A major breakthrough for the production house came in the form of Mahabharat, which did really well on the small screen. Star Plus approached Swastik Productions to give the epic a different identity without changing its history. And Tewary was quick to rise up to the challenge. Talking about the show, he said, “When Star Plus asked me to make the show, I had no clue whether I would be able to do it or not. Uday Shankar (CEO Star India) is the most visionary person I have ever met. He asked me to make Mahabharat in a way that nobody else could make it in the country. He was instrumental in upping the scale of the show and that in itself was a big challenge for us. The idea was to put the show on air in eight or nine months but when we actually started working on it, we realised that it was not something that could happen overnight. We needed to go deeper into the subject in order to interpret it and give the show a new take.”

Making the show from a different perspective was no cakewalk. “It wasn’t a remake, rather it was a reinterpretation of the epic. It took us five years to put the series on air. In hindsight, it was much more difficult and than even starting Swastik Productions. Doing a show on a large scale isn't an easy task. It took us five years to complete the show. We wanted our work to be remembered and Mahabharat was an effort in that direction,” Tewary asserted.

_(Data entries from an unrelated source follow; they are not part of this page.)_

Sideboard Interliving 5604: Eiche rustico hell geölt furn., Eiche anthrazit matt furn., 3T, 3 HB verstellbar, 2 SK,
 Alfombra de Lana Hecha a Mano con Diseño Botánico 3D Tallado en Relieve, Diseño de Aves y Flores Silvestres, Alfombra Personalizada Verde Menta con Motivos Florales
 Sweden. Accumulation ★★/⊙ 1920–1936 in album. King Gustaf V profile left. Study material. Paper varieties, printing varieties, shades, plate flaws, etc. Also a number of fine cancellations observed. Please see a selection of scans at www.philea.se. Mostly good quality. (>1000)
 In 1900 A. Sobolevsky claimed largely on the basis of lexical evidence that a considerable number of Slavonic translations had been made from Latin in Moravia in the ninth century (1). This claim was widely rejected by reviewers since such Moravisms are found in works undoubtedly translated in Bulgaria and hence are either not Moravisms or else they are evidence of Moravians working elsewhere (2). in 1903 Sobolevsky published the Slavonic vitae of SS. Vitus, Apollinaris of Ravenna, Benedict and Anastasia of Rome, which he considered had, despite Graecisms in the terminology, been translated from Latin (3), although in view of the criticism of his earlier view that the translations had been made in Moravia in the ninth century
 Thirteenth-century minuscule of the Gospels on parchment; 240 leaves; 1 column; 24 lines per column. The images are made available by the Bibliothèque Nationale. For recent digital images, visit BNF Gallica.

Mahabharat became the talking point because of the story, cast as well as costumes and was much appreciated by the audience. Tewary's research and studying of every character closely worked. From costume to casting, everything was done under his observation. After trying out numerable people from the industry to give a different look to each character, he zeroed in on Oscar winning costume designer Bhanu Athaiya to design costume for the cast of Mahabharat.

While Mahabharat rakes in the praises, the production house's other show Manmarziyaan failed to generate sustainable ratings despite being appreciated for its content and production quality. “We made an experimental show and an effort in telling a story in a different style, which connected with the younger audiences but not with the older ones. While we didn’t get the desired number, we are happy and proud that we made an attempt to do something new.” 

After the success of Mahabharat, Tewary was keen to come up with a comedy and it came in the form of Swastik Production's next show - Yam Hai Hum, which airs on Sab. “We were keen to explore other genres and I really wanted to produce a comedy show. I met Anooj Kapoor (Sab business head) and discussed the concept with him. He loved the idea and that's how Yum Hai Hum happened,” he informed.

While television remains the mainstay of entertainment, its digital counterparts like OTT and VOD platforms are fast catching up. More and more entertainment content is consumed on the go today. Tewary is of the opinion that in the coming years, digital will be the way to go and there will be no other option left. “Indeed the market is growing and digital will appeal more to metro centric audiences, whereas television will cater to the masses. There is huge market out there for digital, which is needs to be explored,” he said.

Swastik Productions currently has three shows on air namely Yam Hai Hum on Sab TV, Razia Sultan on &TV and Suryaputra Karn on Sony. “Primarily at the core, we are a content company and that is core purpose of Swastik Productions. We are happy with our work. There are some projects in the pipeline and we will make the announcement when the time is right,” he concluded.